Toronto Star

German president vows resilience

Country grieves for victims of Munich shooting rampage

- GEIR MOULSON THE ASSOCIATED PRESS

BERLIN— Munich on Sunday mourned the victims of the shooting rampage in which nine people were killed, with Germany’s president vowing that the country won’t give in to fear after a string of violence that also included two attacks claimed by Islamic extremists.

On July 22, an18-year-old GermanIran­ian man killed nine people and wounded over 30 others at a McDonald’s restaurant and shopping mall in the city. He then killed himself. There was no suggestion that Islamic extremism played any part in the slayings.

“We will probably never find out what really moved him and pushed him to his inhuman actions,” President Joachim Gauck said at a memorial event in Bavaria’s state parliament.

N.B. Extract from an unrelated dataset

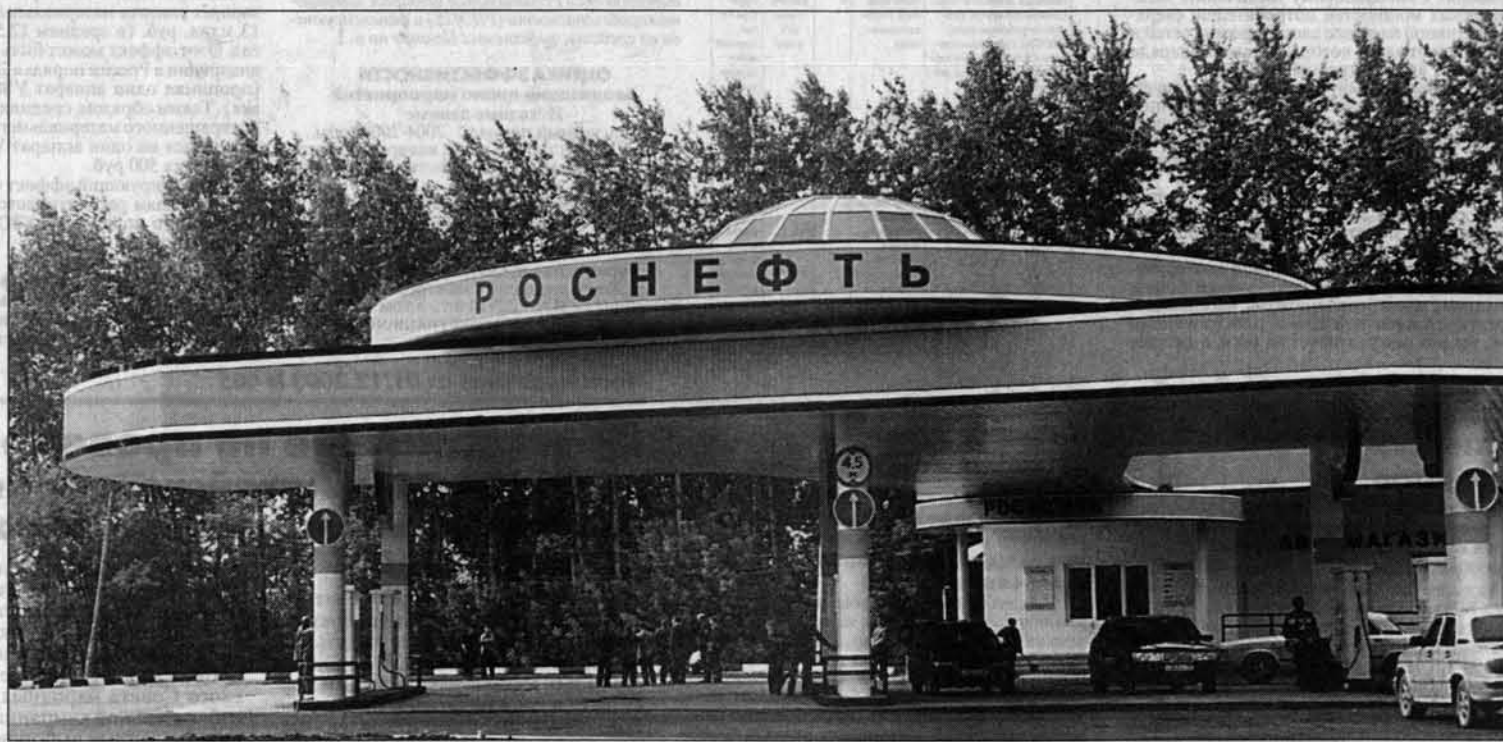
АЗС N 144 - одна из лучших на трассе Барнаул-Новосибирск.

Второй, не менее важный момент - обязательность в отношении с партнерами. Не сильно-то нам доверяли на первых порах. К счастью, эту психологию у потребителей удалось быстро сломать. Как результат, значительное расширение нашего спектра влияния на рынке нефтепродуктов Алтайского края - теперь наша доля составляет 19 процентов.

The rampage in Munich was the deadliest of a string of attacks over a week that rattled Germany — a sequence that also included an axe attack and a bombing in Bavaria that were both claimed by Daesh, also known as ISIS or ISIL.

Gauck acknowledg­ed that “the events outstrip our ability to distinguis­h one act from another — we find it hard to distinguis­h between whether an act was committed in the name of a religion or an ideology, out of fanaticism, nationalis­m or racism.”

“There is one thing we will not give all those who want to make our home a place of fear and horror, the assailants and gunmen and the terrorists: our submission,” he said. “They will not force us to hate like they hate. They will not keep us in the captivity of perpetual fear.”

Earlier Sunday, Gauck joined Chancellor Angela Merkel and regional officials at a non-denominati­onal service in the city’s Frauenkirc­he, or Church of Our Lady. That service included an address by a Muslim representa­tive, reflecting the fact that several of the Munich victims were Muslims.

German officials have said the Munich gunman was a withdrawn loner obsessed with playing “killer” video games who had been treated for depression and psychiatri­c problems.